500K+ bike saddles produced; millions of dental parts weekly; #1 most reliable 3D printer by NADL for 6 years; #1 NFL/NFLPA helmet safety testing for 6 years; approaching cash-flow positive (2025); 38 institutional investors

Major Milestones

2013: Founded by Joseph DeSimone, Philip DeSimone, Alex Ermoshkin, and Edward Samulski based on UNC Chapel Hill research; 2014: Series A ($11M) and Series B ($31M); 2015: Joseph DeSimone TED talk on CLIP technology goes viral; M1 printer launch; 2016: Series C ($181M, $1.1B valuation); 2017: adidas partnership for 4D midsole production begins; 2018: Series D ($200M); 2019: Series E ($260M, $2.4B valuation); L1 large-format printer launch; 2022: Phil DeSimone & Craig Carlson appointed Office of the CEO; 2025: $60M growth round; approaching cash-flow positive; 6 of top 10 Tour de France riders on Carbon saddles; 500K+ bike saddles produced

Notable Customers

Adidas, Dinsmore Inc., Midwest Prototyping, Argen

Recent coverage of Carbon

Why this company matters

Carbon's Digital Light Synthesis (DLS) technology, built on continuous liquid interface production (CLIP), targets the gap between prototyping and serial manufacturing of polymer end-use parts. By using oxygen-permeable optics and dual-cure programmable liquid resins, the process achieves injection-molding-like mechanical properties and surface finish without the upfront tooling costs. This positions the company as a digital manufacturing platform rather than a conventional 3D printer vendor.

The core technology uses a continuous photopolymerization process where an oxygen-permeable window creates a dead zone, preventing layer adhesion and enabling continuous part growth. Dual-cure resins provide a secondary thermal cure that delivers isotropic mechanical properties. The EPU Pro Platform and other materials support applications requiring durability, such as blender nozzles where Carbon claims 10x improvement over standard printed parts.

Carbon serves consumer products, healthcare, dental, industrial, and automotive verticals.

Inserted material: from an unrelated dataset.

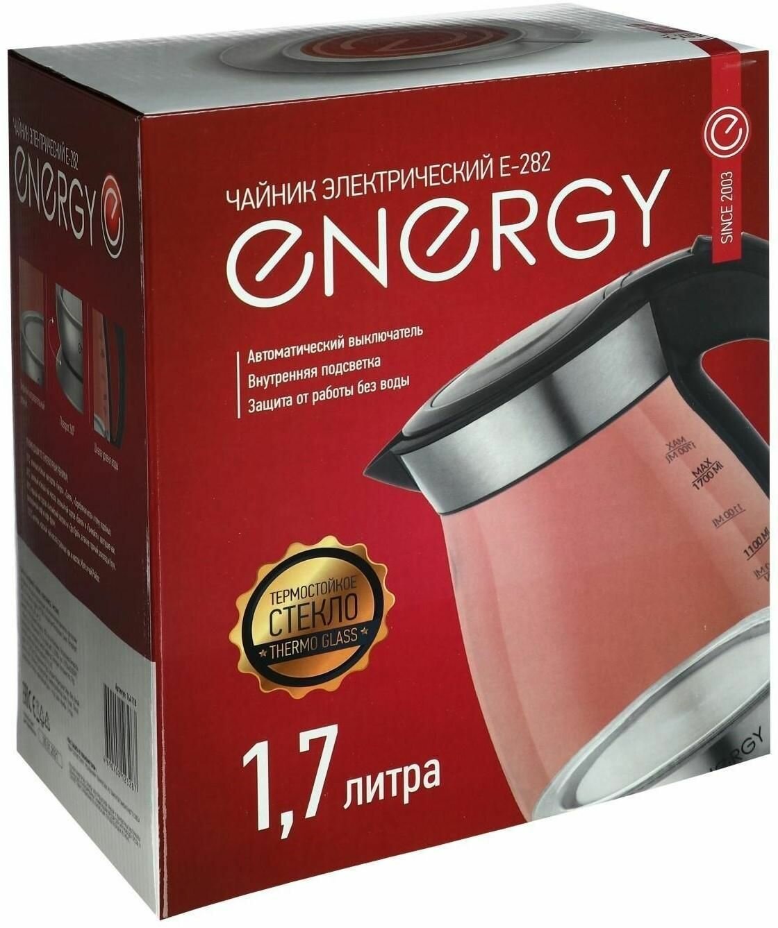 Чайник электрический ENERGY E-282, стекло, 1.7 л, 2200 Вт, серебристый Energy 5137439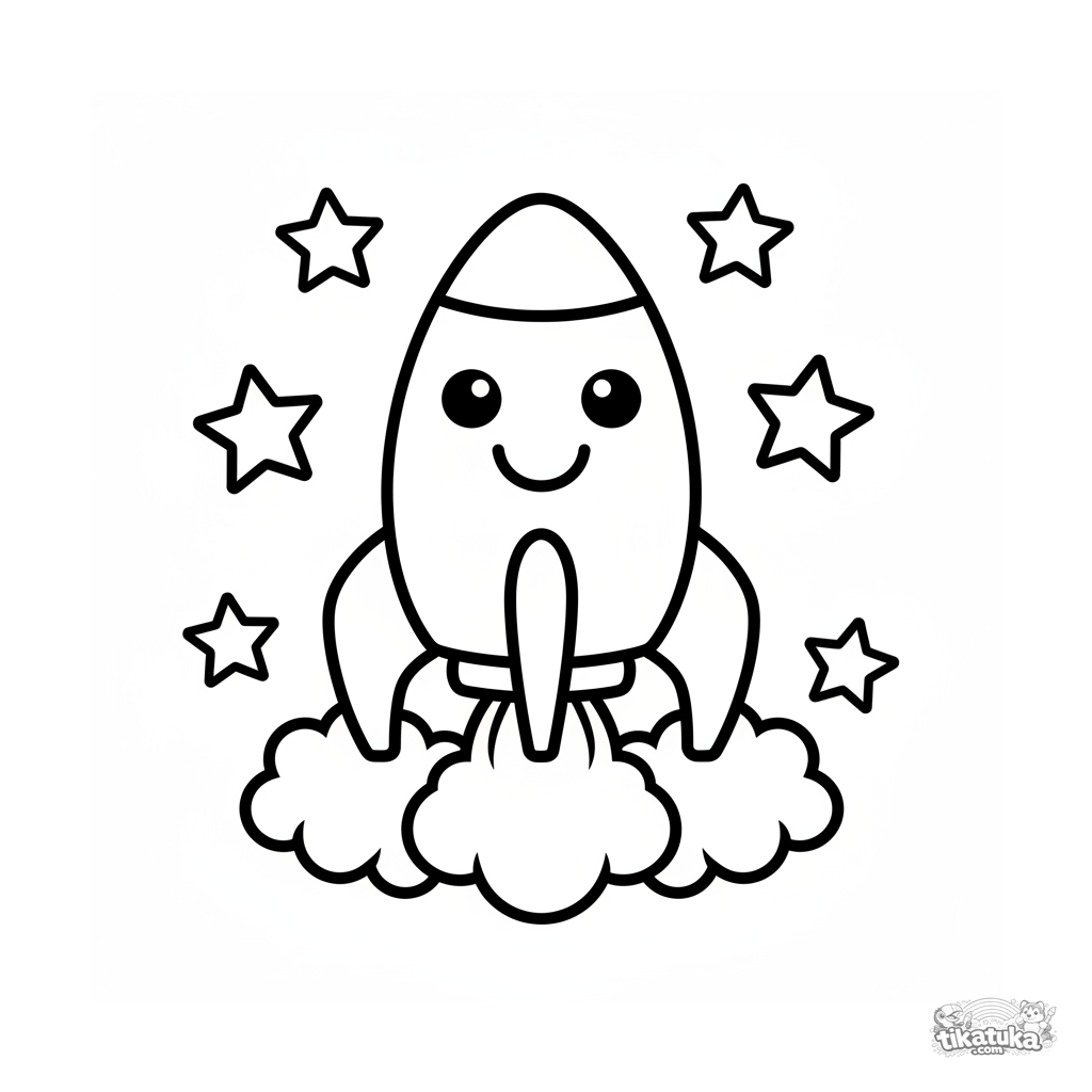 Página para colorear muy simple para bebés de 2-3 años: un cohete sonriente flota entre estrellas grandes. Formas grandes, contornos gruesos.

Notable customers include Adidas for 4D midsoles, Riddell for football helmets, Specialized for bike saddles, and Vitamix for blender components. The company has produced over 500,000 bike saddles and millions of dental parts weekly. The Carbon Production Network extends manufacturing capacity through partners like Jabil.

Carbon's strategic moat rests on its proprietary DLS process, integrated design-to-production software workflow, and a material ecosystem co-developed with partners like Arkema. The company has raised $742 million from investors including Sequoia Capital, Silver Lake, and Google Ventures. Approaching cash-flow positive in 2025, Carbon faces competition from Stratasys, 3D Systems, EOS, and Markforged, but differentiates through speed and focus on serial production in high-growth verticals like dental and sports equipment.